The Voice Agent handles:
  • VAD: Detects when the user starts/stops speaking
  • STT: Transcribes speech to text
  • LLM: Generates AI responses
  • TTS: Synthesizes speech from responses

Quick Start

// Initialize the voice agent
try await RunAnywhere.initializeVoiceAgent(
    VoiceAgentConfiguration(
        sttModelId: "whisper-base-onnx",
        llmModelId: "llama-3.2-1b-instruct-q4",
        ttsVoice: "piper-en-us-amy"
    )
)

// Process a voice turn
let audioData: Data = // Recorded user speech
let result = try await RunAnywhere.processVoiceTurn(audioData)

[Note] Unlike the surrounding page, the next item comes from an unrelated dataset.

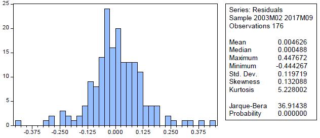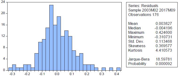 Normality. The Jarque-Bera statistic developed by Jarque & Bera (1980, 1981, 1987) is a goodness-of-fit test to verify if the study data have asymmetry or kurtosis in a normal distribution, i.e. if the residuals behave as a normal function. In Figure 8, the results of this statistic are shown, in this case the value of the probability equal to zero indicates the rejection of the hypothesis of a normal distribution. Since the value of the Jarque-Bera statistic is greater than the reference value of tables (approximately a value of 6) and the probability is less than =5%, the residuals of the model are not shared as a normal function. However, following the central theorem of the limit, it can be concluded that when working larger samples than the current one, it would guarantee that the errors behave as an asymptotically normal function (Laurente & Poma, 2016).
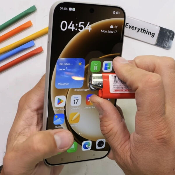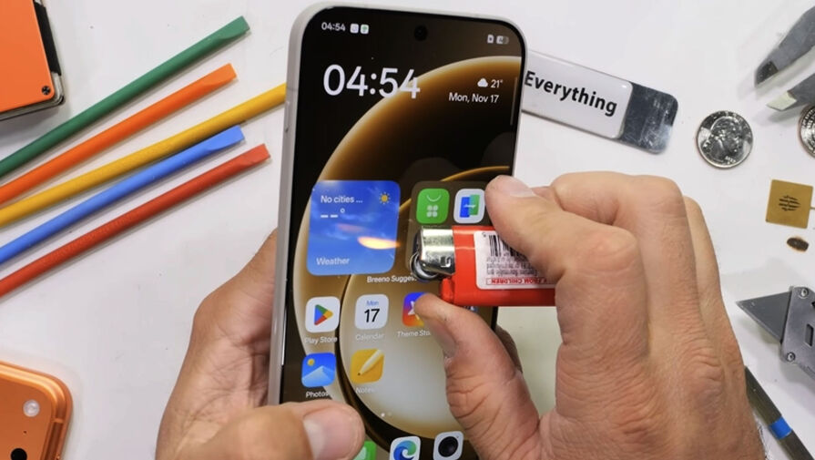Дополнительные испытания включали воздействие открытого пламени на дисплей — экран выдержал тест без видимых дефектов. Попытка согнуть корпус также оказалась безуспешной: устройство сохранило целостность конструкции, хотя при сильном давлении отмечалась временная деформация модуля камеры.

print("User said: \(result.transcription ?? "")")
print("AI response: \(result.response ?? "")")

// Play the synthesized audio
if let audio = result.synthesizedAudio {
    playAudio(audio)
}

Configuration

VoiceAgentConfiguration

public struct VoiceAgentConfiguration: Sendable {
    public let sttModelId: String?       // STT model (e.g., "whisper-base-onnx")
    public let llmModelId: String?       // LLM model (e.g., "llama-3.2-1b-instruct-q4")
    public let ttsVoice: String?         // TTS voice (e.g., "piper-en-us-amy")
    public let vadSampleRate: Int        // VAD sample rate (default: 16000)
    public let vadFrameLength: Float     // VAD frame length (default: 0.032)
    public let vadEnergyThreshold: Float // VAD sensitivity (default: 0.5)

    public init(
        sttModelId: String? = nil,
        llmModelId: String? = nil,
        ttsVoice: String? = nil,
        vadSampleRate: Int = 16000,
        vadFrameLength: Float = 0.032,
        vadEnergyThreshold: Float = 0.5
    )
}

Initialize with Pre-loaded Models

If you’ve already loaded models, use:
// Load models separately
try await RunAnywhere.loadSTTModel("whisper-base-onnx")
try await RunAnywhere.loadModel("llama-3.2-1b-instruct-q4")
try await RunAnywhere.loadTTSVoice("piper-en-us-amy")

// Initialize voice agent with loaded models
try await RunAnywhere.initializeVoiceAgentWithLoadedModels()

VoiceAgentResult

public struct VoiceAgentResult: Sendable {
    public let speechDetected: Bool       // Was speech detected?
    public let transcription: String?     // What the user said
    public let response: String?          // AI response text
    public let synthesizedAudio: Data?    // Audio of response
}

Component State

Check readiness of individual components:
// Check all components
let states = await RunAnywhere.getVoiceAgentComponentStates()
print("STT: \(states.stt)")
print("LLM: \(states.llm)")
print("TTS: \(states.tts)")

// Check if everything is ready
if await RunAnywhere.areAllVoiceComponentsReady {
    // Ready for voice interaction
}

// Check if voice agent is initialized
let isReady = await RunAnywhere.isVoiceAgentReady

ComponentLoadState

public enum ComponentLoadState: Sendable {
    case notLoaded
    case loading
    case loaded(modelId: String)
    case failed(Error)
}

Individual Operations

Use components separately when needed:
// Just transcribe
let transcription = try await RunAnywhere.voiceAgentTranscribe(audioData)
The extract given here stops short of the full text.